Using the records below, copy exactly the part that opens with the line holding "Veselé pánské tričko" and closes with the line holding "Na topinky dejte", minus the pictures.

• Extracted entries
*** Begin section ***

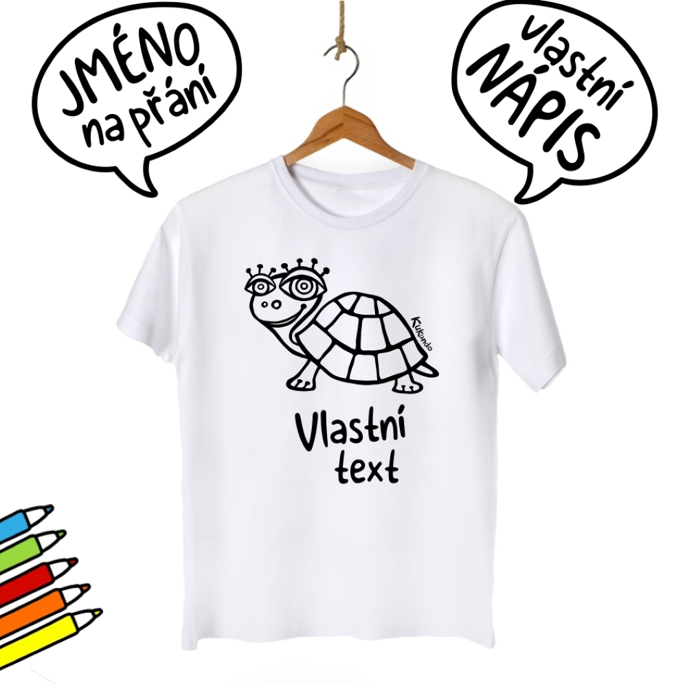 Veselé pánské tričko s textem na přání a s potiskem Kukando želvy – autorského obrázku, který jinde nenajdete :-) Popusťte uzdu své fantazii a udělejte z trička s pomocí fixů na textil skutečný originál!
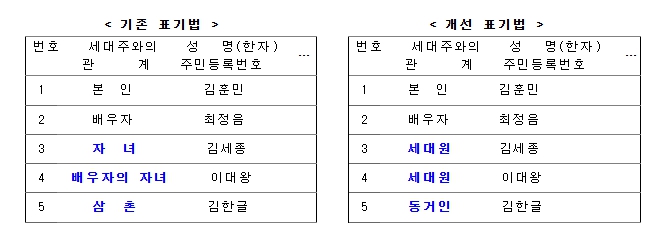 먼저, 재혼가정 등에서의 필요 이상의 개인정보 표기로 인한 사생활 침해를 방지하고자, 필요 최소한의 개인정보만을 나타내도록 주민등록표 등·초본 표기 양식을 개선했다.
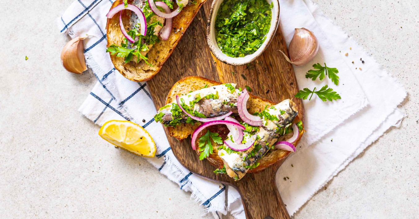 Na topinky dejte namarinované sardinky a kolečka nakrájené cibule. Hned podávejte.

*** End section ***
*** Begin section ***

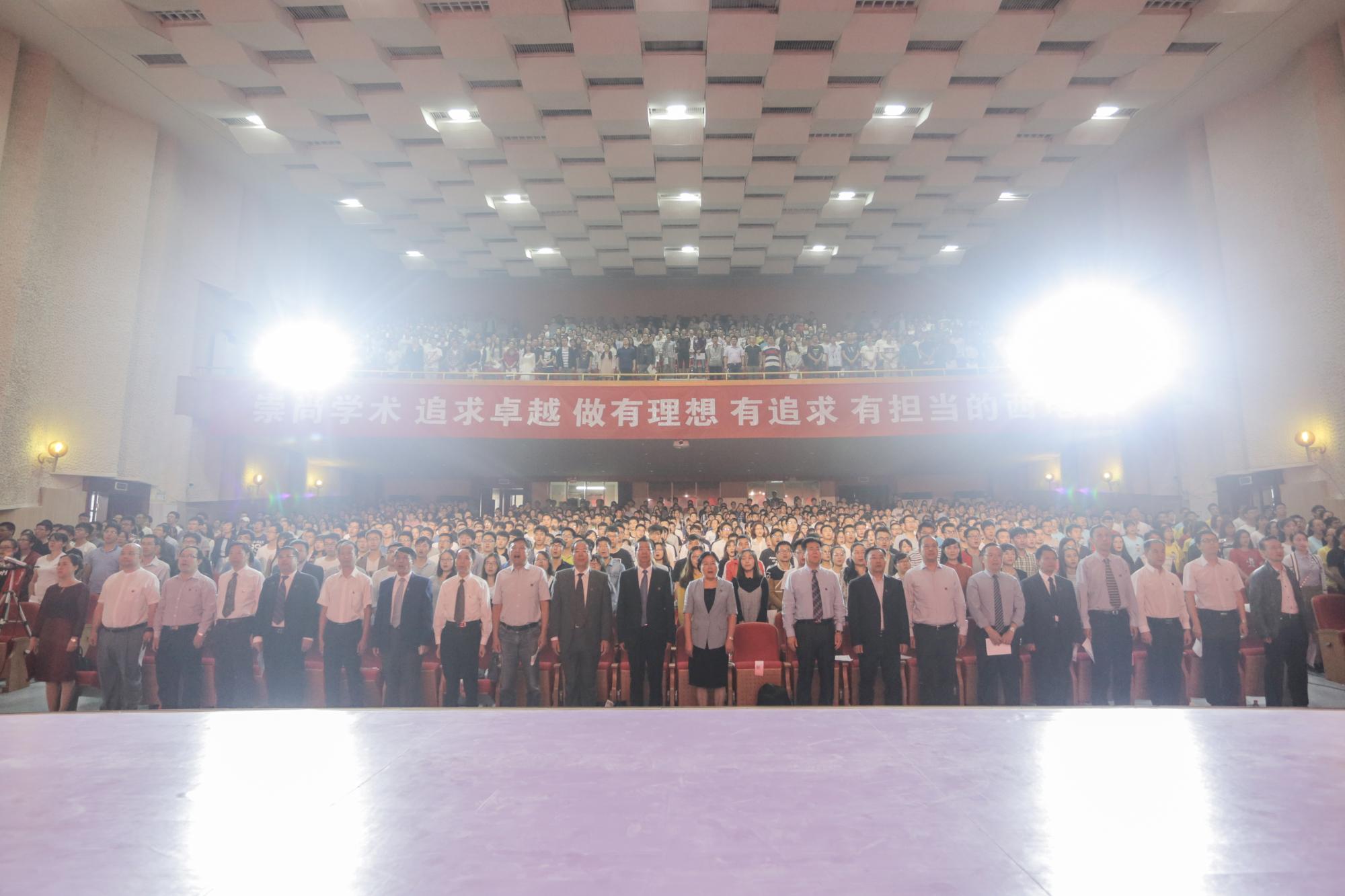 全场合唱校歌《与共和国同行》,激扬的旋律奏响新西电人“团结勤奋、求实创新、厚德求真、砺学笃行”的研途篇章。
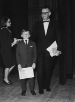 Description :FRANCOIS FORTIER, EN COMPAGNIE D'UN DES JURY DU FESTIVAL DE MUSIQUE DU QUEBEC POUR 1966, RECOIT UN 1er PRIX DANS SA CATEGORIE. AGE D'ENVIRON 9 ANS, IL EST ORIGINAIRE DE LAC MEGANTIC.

*** End section ***
*** Begin section ***

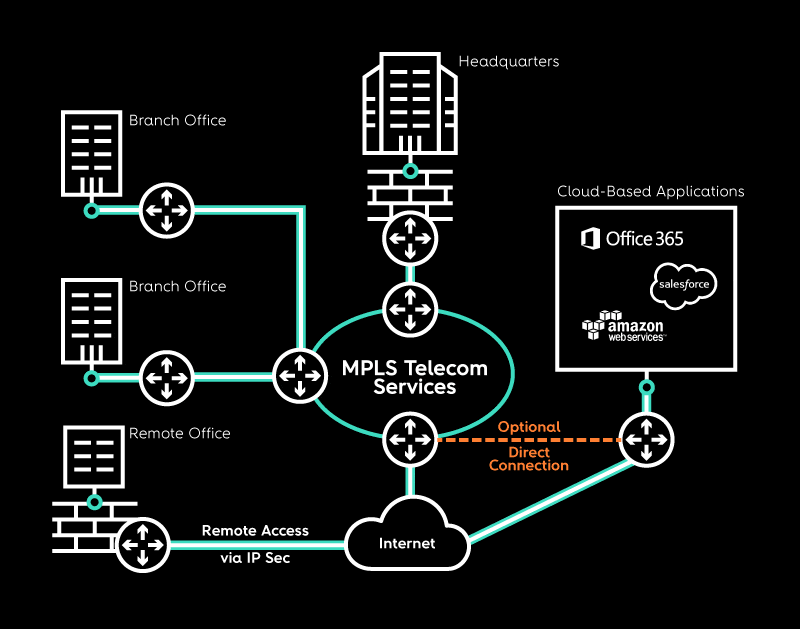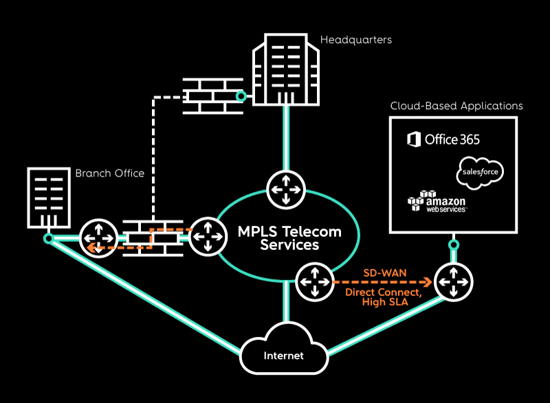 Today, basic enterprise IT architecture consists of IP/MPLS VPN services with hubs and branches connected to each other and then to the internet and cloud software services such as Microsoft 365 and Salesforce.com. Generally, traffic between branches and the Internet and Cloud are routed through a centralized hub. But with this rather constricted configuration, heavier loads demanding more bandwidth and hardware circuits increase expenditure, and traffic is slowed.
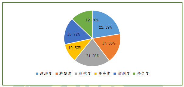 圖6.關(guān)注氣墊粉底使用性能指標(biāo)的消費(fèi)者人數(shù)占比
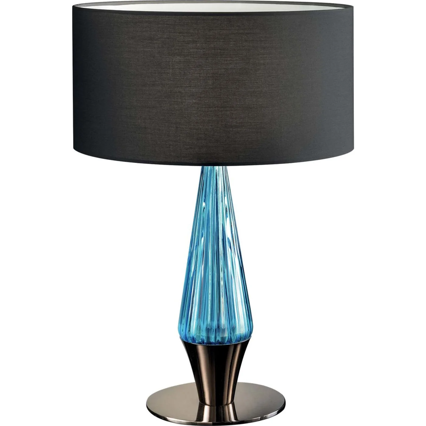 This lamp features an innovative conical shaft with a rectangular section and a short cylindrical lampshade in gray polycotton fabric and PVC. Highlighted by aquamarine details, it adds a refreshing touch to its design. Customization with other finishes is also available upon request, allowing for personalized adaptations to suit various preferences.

*** End section ***

• Answer
 Veselé pánské tričko s textem na přání a s potiskem Kukando želvy – autorského obrázku, který jinde nenajdete :-) Popusťte uzdu své fantazii a udělejte z trička s pomocí fixů na textil skutečný originál!
 먼저, 재혼가정 등에서의 필요 이상의 개인정보 표기로 인한 사생활 침해를 방지하고자, 필요 최소한의 개인정보만을 나타내도록 주민등록표 등·초본 표기 양식을 개선했다.
 Na topinky dejte namarinované sardinky a kolečka nakrájené cibule. Hned podávejte.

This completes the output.